If an object has a mass of 243.8 g and a volume of 0.125 L, what is its density in g/cm^3?

If an object has a mass of 243.8 g and a volume of 0.125 L, to find its density in g/cm³, first convert liters to cubic centimeters (1 L = 1000 cm³), then divide the mass by the volume. The density is 1.95 g/cm^3.

When 75.0 g of copper is added to 50.0 mL of water, what is the volume reading after displacement?

Since copper has a density of approximately 8.96 g/mL, adding 75.0 g of copper to 50.0 mL of water will displace ~8.4 mL of water (75.0 g/8.96 g/mL). Therefore, the new volume reading will be approximately 58.4 mL.

What are the steps in dimensional analysis?

Dimensional analysis involves using conversion factors to convert from one unit to another. The steps include identifying the given units and the desired units, setting up the conversion factors, canceling out units that appear in both the numerator and denominator, and performing the calculations to obtain the result in the desired units.
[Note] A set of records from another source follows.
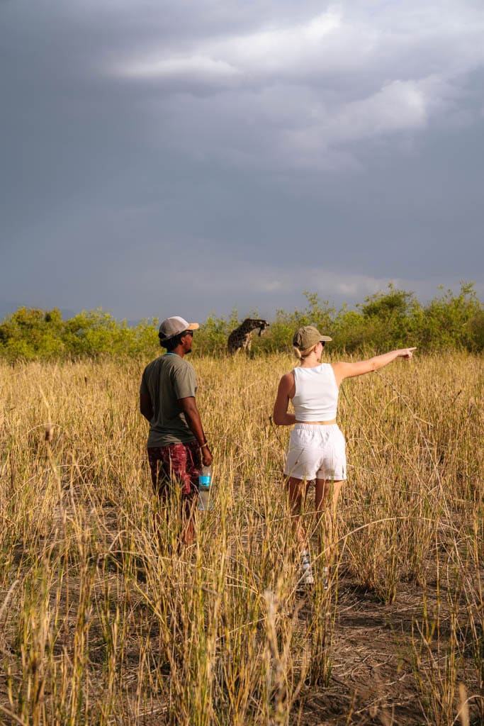 Voor een safari in Tanzania is comfortabele en praktische kleding belangrijk. Overdag kan het warm zijn, terwijl het ’s ochtends vroeg en ’s avonds flink kan afkoelen. Kies voor lichte, ademende kleding in neutrale kleuren zoals beige, groen of bruin. Felle kleuren en drukke prints kun je beter vermijden en ook zwart of donkerblauw zijn minder slim omdat deze kleuren meer insecten aantrekken. Een lange broek en een luchtige blouse met lange mouwen beschermen tegen de zon en muggen. Ik draag zelf bijna altijd dunne linnen broeken tijdens safari’s. Die zitten luchtig, geven voldoende bescherming en zijn ook prettig wanneer het wat afkoelt. Dichte schoenen, een pet of hoed en een zonnebril maken je outfit compleet. Speciale safarikleding aanschaffen is niet nodig, grote kans dat je al iets passends in je kast hebt liggen.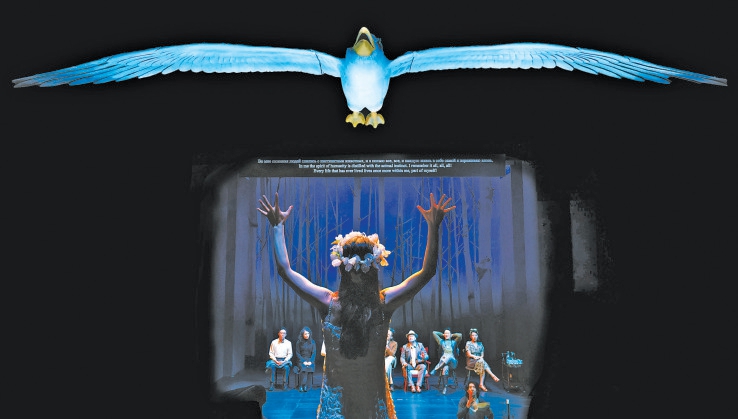 為了實現(xiàn)這一理念,劇組對舞臺進行了大刀闊斧的改造,拆除了部分觀眾席座位,使得舞臺與觀眾席之間形成了一條真實的“路”。一只巨大的海鷗懸掛在觀眾席上方,成為連接現(xiàn)實與戲劇世界的紐帶。這種獨特的舞臺設(shè)計,讓每一位走進劇場的觀眾可以看到一個與傳統(tǒng)鏡框舞臺截然不同的開放式空間,它打破了舞臺與觀眾席之間的界限,不僅營造出一種開放而沉浸的觀演環(huán)境,讓演員的表演更加自然流暢,也讓觀眾能夠更加近距離地感受到劇中人物的情感波動和命運變遷。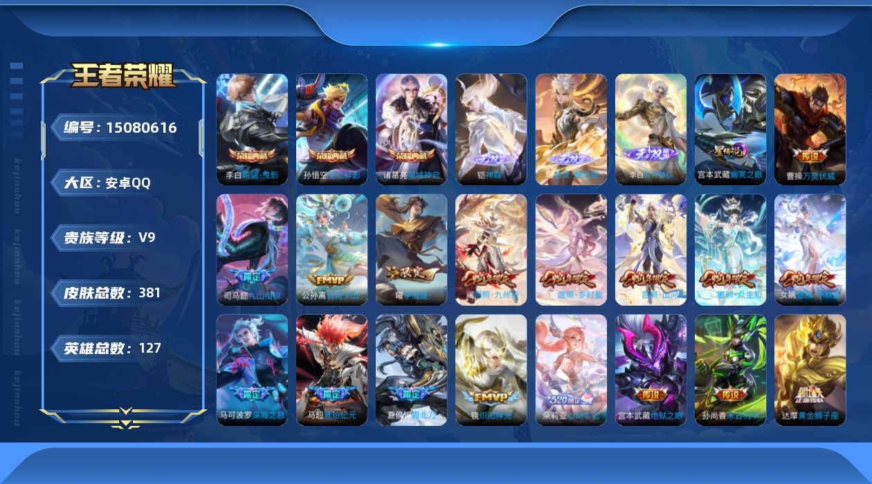 [15080616]可二次【店主推荐捡漏号!可直接换绑】:安卓Q-V9-最强王者段位-127英雄-381皮肤-1星元-3典藏皮肤-3无双-31传说-107史诗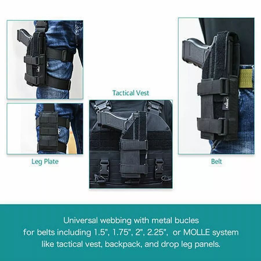 Pour un joueur d’airsoft, un tireur sportif ou un professionnel de la sécurité, ce holster représente un excellent compromis entre adaptabilité, modularité et coût maîtrisé. Il permet d’intégrer facilement votre arme à votre plateforme tactique (cuisse, ceinture, ceinturon, gilet) sans négliger la qualité. Le choix du noir classique lui permet également de se fondre dans un environnement tactique urbain ou outdoor.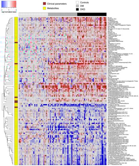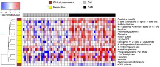 Heatmap of relative abundance values of endogenous compounds (log-transformed, base 2) differentially abundant between 30 DKD patients and 30 DM-N. Data were normalized by the median of the 30 DM-N samples in each metabolite.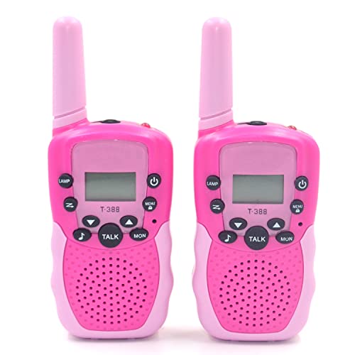 SUNET 2 Pack Battery Operated Walkie Talkies for Kids with 22 Channels 2 Way Radio 6 KMS Long Rang, Toy for 3-12 Year Old Boys Girls, with Backlit LCD Flashlight for Camping Outdoor (red-Pink)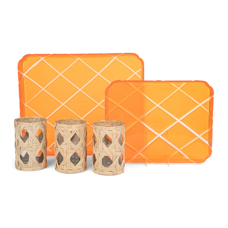 comprising a set of three abaca fiber and glass hurricane vases, two Italian orange acrylic trays, and a pair of cerused oak candle stands; 7 items total.

What is a typical conversion factor used to convert feet to inches?

A conversion factor used to convert feet to inches is 1 foot = 12 inches. This relationship allows you to easily convert measurements in feet to inches by multiplying the number of feet by 12.

What are the three temperature scales mentioned?

The three temperature scales commonly used are Fahrenheit, Celsius, and Kelvin. Fahrenheit and Celsius are relative scales, while Kelvin is an absolute scale with its zero point at absolute zero.

What is the Kelvin equivalent of 102°F (dog body temperature)?

The Kelvin equivalent of 102°F, a typical body temperature for dogs, is approximately 312 K. This is calculated by first converting Fahrenheit to Celsius and then Celsius to Kelvin, using the formulas °C = \frac{5}{9}(°F - 32) and K = °C + 273.15.

What temperature corresponds to the point where °C equals °F?

-40°C is equal to -40°F, which is based on the conversion formula linking the Celsius and Fahrenheit scales: °F = \frac{9}{5}°C + 32.

What is the density formula?

The density formula is Density = \frac{mass}{volume}, illustrating that density is calculated by dividing the mass of a substance by its volume. This formula is fundamental in physics and chemistry for characterizing substances.

What is the main purpose of measurement units in science?

Measurement units in science standardize quantities, allowing scientists around the world to communicate results effectively and ensuring that findings can be replicated accurately. Standardization is crucial for the integrity and reliability of scientific research.